- Type: Lever-action rifle
- Place of origin: US

Production history
- Manufacturer: Remington Arms
- Produced: 1962–1965
- No. built: 26,927
- Variants: Nylon 76AB Apache Black Nylon 76MB Mohawk Brown

Specifications
- Cartridge: .22LR
- Action: Locked-breech, lever action
- Feed system: 14 round tubular magazine

= Remington Nylon 76 =

The Remington Nylon 76 "Trailrider" is the only lever action rifle known to have been made by Remington Arms and was billed as the world's fastest lever action rifle.

==Design==
This gun has a locked-breech lever action, with a short stroke of only about thirty degrees. It was introduced by Remington Arms in 1962 and discontinued in 1965.

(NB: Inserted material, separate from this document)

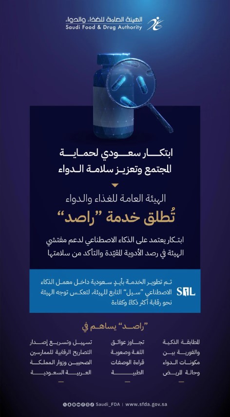 وتعد خدمة “راصد” أحد مخرجات معمل الذكاء الاصطناعي “سيل” الذي أطلقته الهيئة في فبراير الماضي؛ بوصفه منصة لتطوير وتبنّي الحلول التقنية المبنية على الذكاء الاصطناعي؛ بهدف تعزيز الابتكار ورفع كفاءة العمليات الرقابية والتشغيلية في الهيئة، كما يسهم في توسيع الشراكات مع الجهات الحكومية والشركات التقنية المتخصصة لتبادل المعرفة وتطوير القدرات في هذا المجال، تماشيًا مع مستهدفات برنامج تحول القطاع الصحي أحد برامج رؤية المملكة 2030.

Approximately 26,927 of these rifles were made, and they originally retailed for $59.95.

Two grades of this rifle were available: The Nylon 76AB Apache Black (approximately 1600 were made of this type), and the Nylon 76MB Mohawk Brown. The Remington website states that there was a "standard" grade, but through correspondence with Remington, it was determined that this was a typo.

This rifle is chambered for a .22LR and has a tubular magazine that opens at the rear of the stock and holds 14 rounds.